TILLERSON: Ok Mr. President, we’re in the Philippines now to meet President Rodrigo Duterte.
TRUMP: Duterte. Worst name ever. Sounds like he should be a Hyundai.
DeVOS: Sir, President Duterte is a little…well…
DeVOS: Yes. Controversial. He says some controversial things.
TRUMP: Ugghhh. If there’s one thing I can’t stand it’s a guy who just shoots off at the mouth with no tact.
TILLERSON: Oh, no, nothing sir. I would just avoid saying anything that could offend him, sir.
TRUMP: Not a problem. Trump. So diplomatic. Trump diplomacy best diplomacy. Verbal ambassador!

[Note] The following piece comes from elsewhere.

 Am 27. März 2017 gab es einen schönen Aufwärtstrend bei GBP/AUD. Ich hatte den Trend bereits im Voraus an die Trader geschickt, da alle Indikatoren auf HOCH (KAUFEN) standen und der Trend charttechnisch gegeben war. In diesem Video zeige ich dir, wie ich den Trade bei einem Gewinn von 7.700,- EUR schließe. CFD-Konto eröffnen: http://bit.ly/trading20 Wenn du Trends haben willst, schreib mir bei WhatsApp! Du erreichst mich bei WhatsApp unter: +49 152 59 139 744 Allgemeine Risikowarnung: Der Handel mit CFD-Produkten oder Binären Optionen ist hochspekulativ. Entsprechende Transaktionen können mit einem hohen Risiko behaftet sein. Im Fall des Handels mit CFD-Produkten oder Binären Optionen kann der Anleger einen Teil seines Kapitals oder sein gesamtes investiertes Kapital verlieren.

DeVOS: President Duterte is here, sir.
TRUMP: You. Duterte. President of Philippines. Heard the prostitutes are super cheap here.

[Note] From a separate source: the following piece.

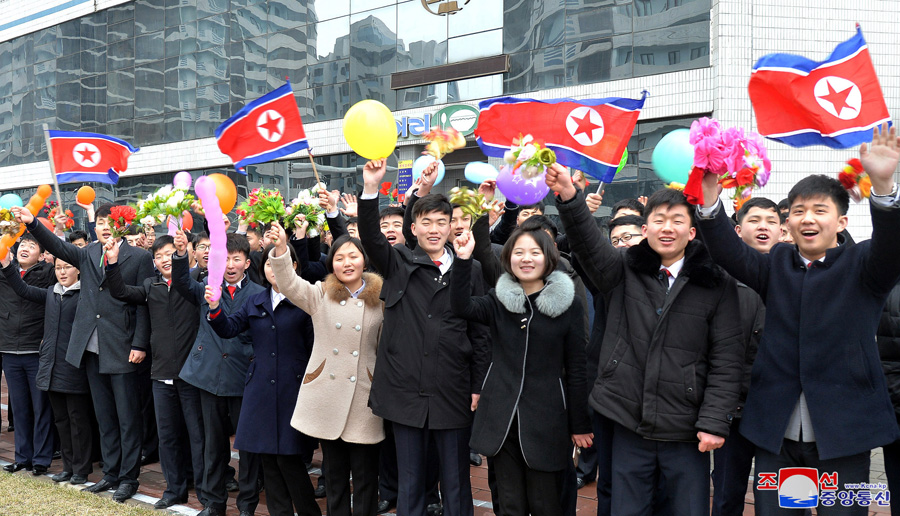 Funkcionáři Ústředního výboru Korejské strany práce a důstojníci orgánů ozbrojených sil je přišli vyprovodit k hotelu „25. dubna“, železniční stanici Pchjongjang atd.

DUTERTE: If you don’t support my anti-drug campaign you can go to hell like that son of a whore Obama.
TRUMP: So. Filipinos. You guys are brown but also yellow. Is there a crayola color for that? Need to know!
DUTERTE: Even if you’re a journalist you’re not exempt from assassination if you are a son of a bitch.
TILLERSON: Wow. This is fascinating.
DeVOS: What is? I don’t get it.
TILLERSON: I’ve only heard of this but have never seen it.
DeVOS: Seen what?
TRUMP: So what’s with all the Spanish last names? Is it because you guys are the Mexico of Asia?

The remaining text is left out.